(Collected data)
=======
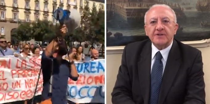 “Con la scusa del precariato sono un navigator disoccupato” e “Laureati selezionati disoccupati”. Questo è ciò che è stato scritto sugli striscioni che aprono il corteo dei navigator della Campania, diretto a Palazzo Santa Lucia. La protesta va avanti ormai da settimane. Ed è contro la decisione del presidente della Regione, Vincenzo De Luca, di non firmare la convenzione con Anpal Servizi. Convenzione necessaria affinché i vincitori di concorso possano iniziare a lavorare.
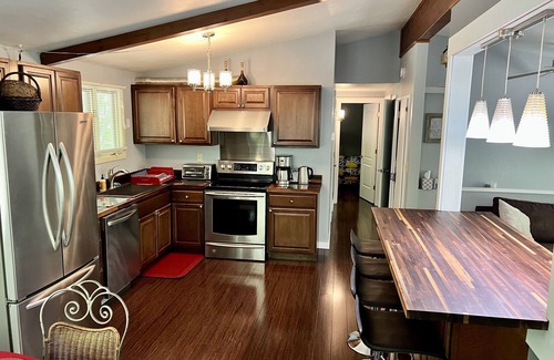 Home accommodates up to 6 people comfortably with 2 bedrooms/1 bath on the 1st floor level and 2 bedrooms/1 bath on the 2nd floor level of the house. There are 2 king beds, 1 queen and 1 bunk bed for your sleeping arrangements. All linens and basic towels are provided, but we do recommend you to bring your towels. Washer & dryer are available to be use at the house. New central furnace and A/C unit professionally installed.
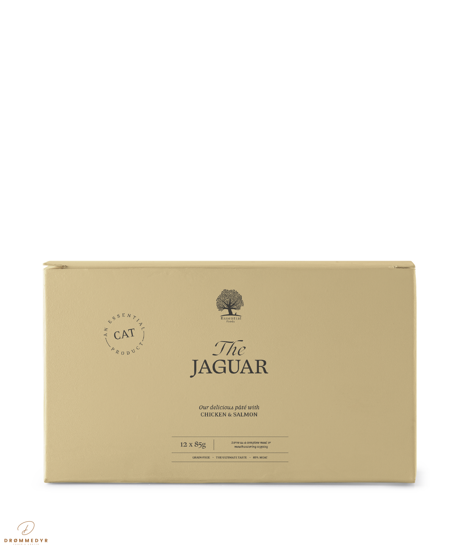 En eksklusiv og kornfri paté med kylling, and og laks – skabt til voksne katte, der fortjener det bedste. ESSENTIAL The Jaguar Pâté er et fuldfoder af høj kvalitet, der kombinerer saftigt kød og fisk for at give din kat en naturlig, proteinrig og uimodståelig smagsoplevelse.
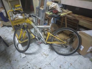Se vende bicicleta de montaña de aluminio montain 55FS.Talla M con amortiguación delantera y central con cambio Shimano,3 platos delanteros y 8 piñónes traseros con poco uso y buenas condiciones.
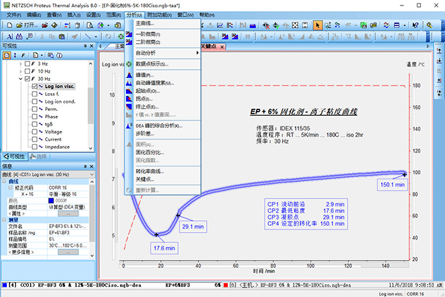 • DEA 變量:顯示離子粘度(ion viscosity),離子電導(dǎo)(ion conductivity),損耗因子(loss factor),介電常數(shù)(permittivity),tgδ 對時間 / 溫度的變化過程
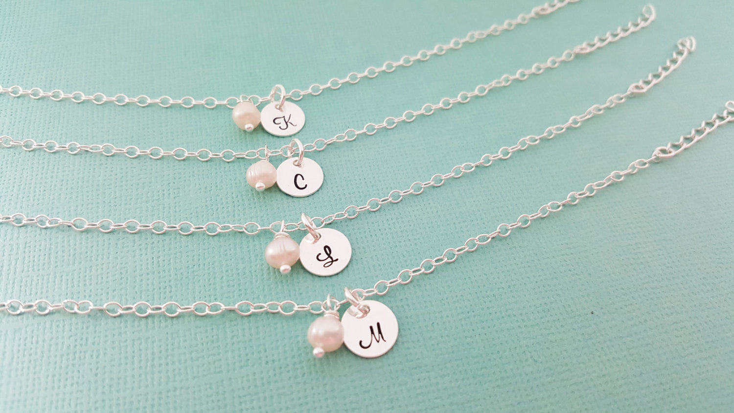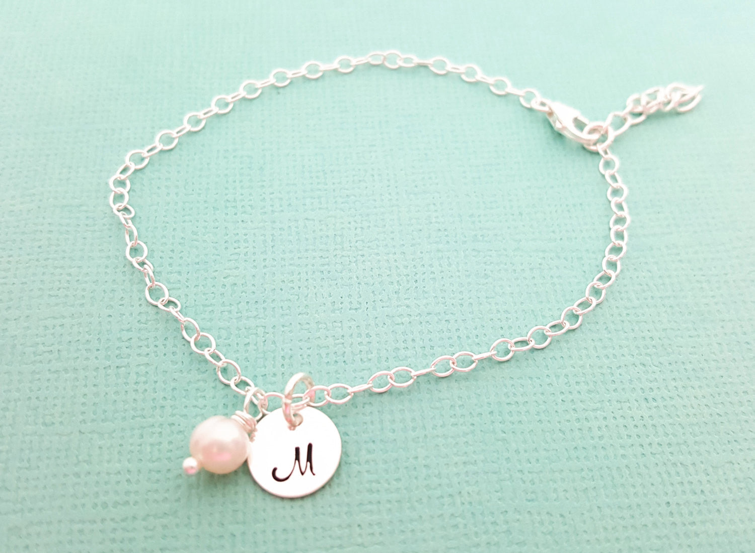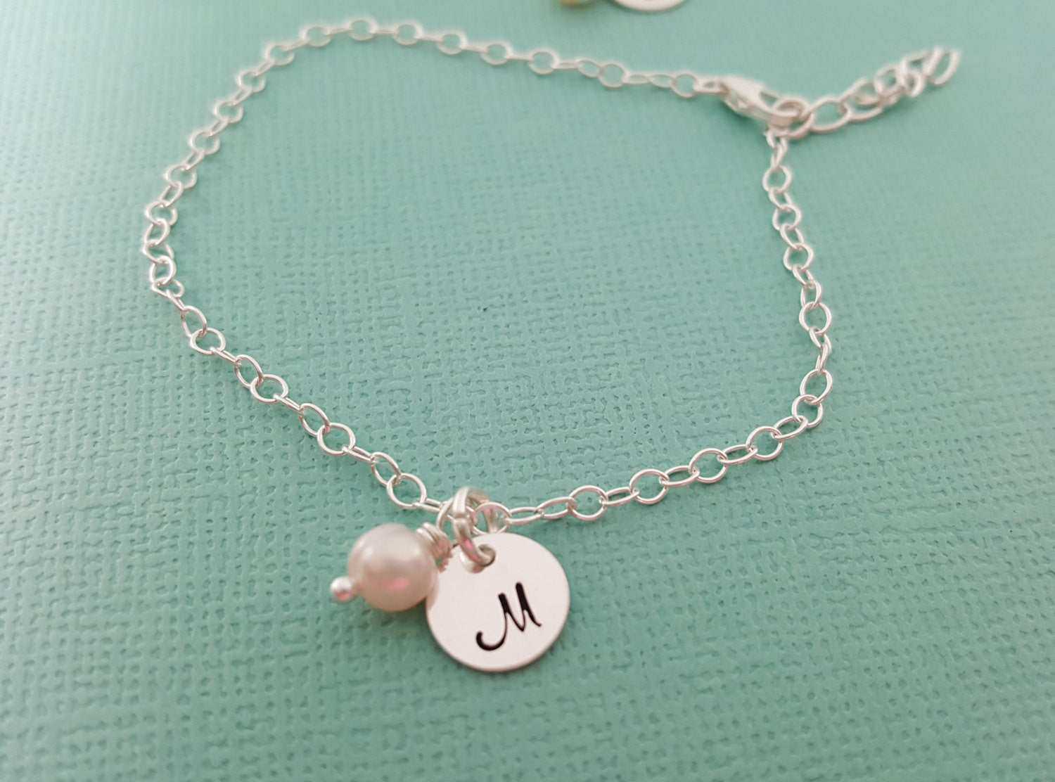 This dainty bracelet is handcrafted featuring a dainty 9mm Sterling silver disc hand stamped with your initial, and adorned by a genuine freshwater pearl wire wrapped by hand. Made with Sterling silver chain and Sterling silver secure lobster clasp closure. This bracelet is made to be adjustable from 7 to 8 inches in length. If you need another size, please contact me for a custom order!
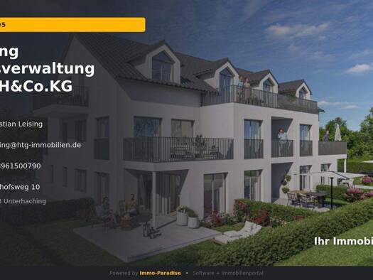 Die von uns angebotene 4-Zimmer-Wohnung wurde 1998 nachträglich im Dachgeschoss eines 12-Parteien-Hauses in Ortsrandlage von Unterhaching ausgebaut und stellt ein absolutes Unikat auf dem Wohnungsmar...
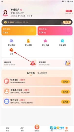打开手机上的乡遇,点击右下角我的进去。
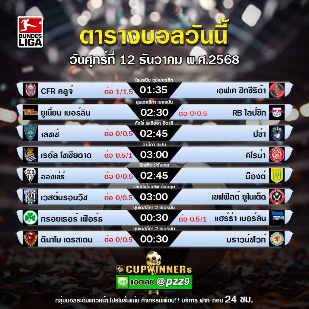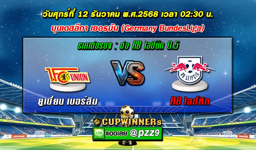 บุนเดสลีกา เยอรมัน เดินทางมาถึงนัดรองสุดท้ายก่อนพักหนีหนาว โดยคู่เปิดหัววันศุกร์นี้ ยูเนียน เบอร์ลิน เตรียมเปิดบ้าน สตาดิโอน อัน แดร์ อัลเทน ฟอร์สเทไร รับการมาเยือนของ แอร์เบ ไลป์ซิก เจ้าถิ่นหวังยุติสถิติแพ้ 3 นัดรวด ขณะที่ “กระทิงแดง” ต้องการชัยชนะเพื่อไล่กดดันจ่าฝูง บาเยิร์น มิวนิค ไม่ให้หนีห่างออกไปมากกว่านี้
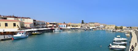 RETHYMNO, GREECE - 08.04.2016: old venetian harbour with boats panorama view
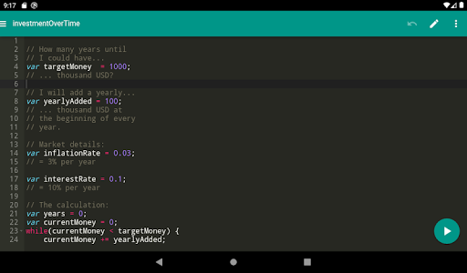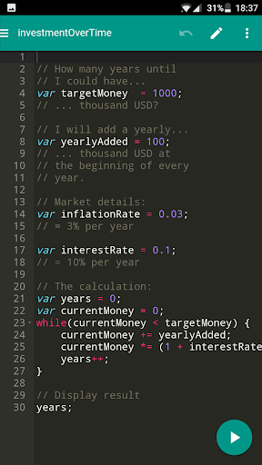 Code est un coureur de code vraiment simple, mais puissant pour vos calculs quotidiens. Vous pouvez l'utiliser comme calculatrice de tâches vraiment complexes (par exemple, calculer les flux de trésorerie liés à votre prêt hypothécaire, à votre prêt auto et à votre prêt étudiant combiné, ou par mois au cours des 12 prochaines années, les taux d'intérêt inclus). Il affichera, sauvera et colorera la formule pour une meilleure compréhension et des visionnements futurs. Donné, vous savez JavaScript ...
=======
● **What is needed**
For the entries above, the output must hold exactly the lines from the one with "打开手机上的乡遇,点击右下角我的进去。" through the last line, both included, and no pictures.

● **Result for this exercise**
打开手机上的乡遇,点击右下角我的进去。
 บุนเดสลีกา เยอรมัน เดินทางมาถึงนัดรองสุดท้ายก่อนพักหนีหนาว โดยคู่เปิดหัววันศุกร์นี้ ยูเนียน เบอร์ลิน เตรียมเปิดบ้าน สตาดิโอน อัน แดร์ อัลเทน ฟอร์สเทไร รับการมาเยือนของ แอร์เบ ไลป์ซิก เจ้าถิ่นหวังยุติสถิติแพ้ 3 นัดรวด ขณะที่ “กระทิงแดง” ต้องการชัยชนะเพื่อไล่กดดันจ่าฝูง บาเยิร์น มิวนิค ไม่ให้หนีห่างออกไปมากกว่านี้
 RETHYMNO, GREECE - 08.04.2016: old venetian harbour with boats panorama view
 Code est un coureur de code vraiment simple, mais puissant pour vos calculs quotidiens. Vous pouvez l'utiliser comme calculatrice de tâches vraiment complexes (par exemple, calculer les flux de trésorerie liés à votre prêt hypothécaire, à votre prêt auto et à votre prêt étudiant combiné, ou par mois au cours des 12 prochaines années, les taux d'intérêt inclus). Il affichera, sauvera et colorera la formule pour une meilleure compréhension et des visionnements futurs. Donné, vous savez JavaScript ...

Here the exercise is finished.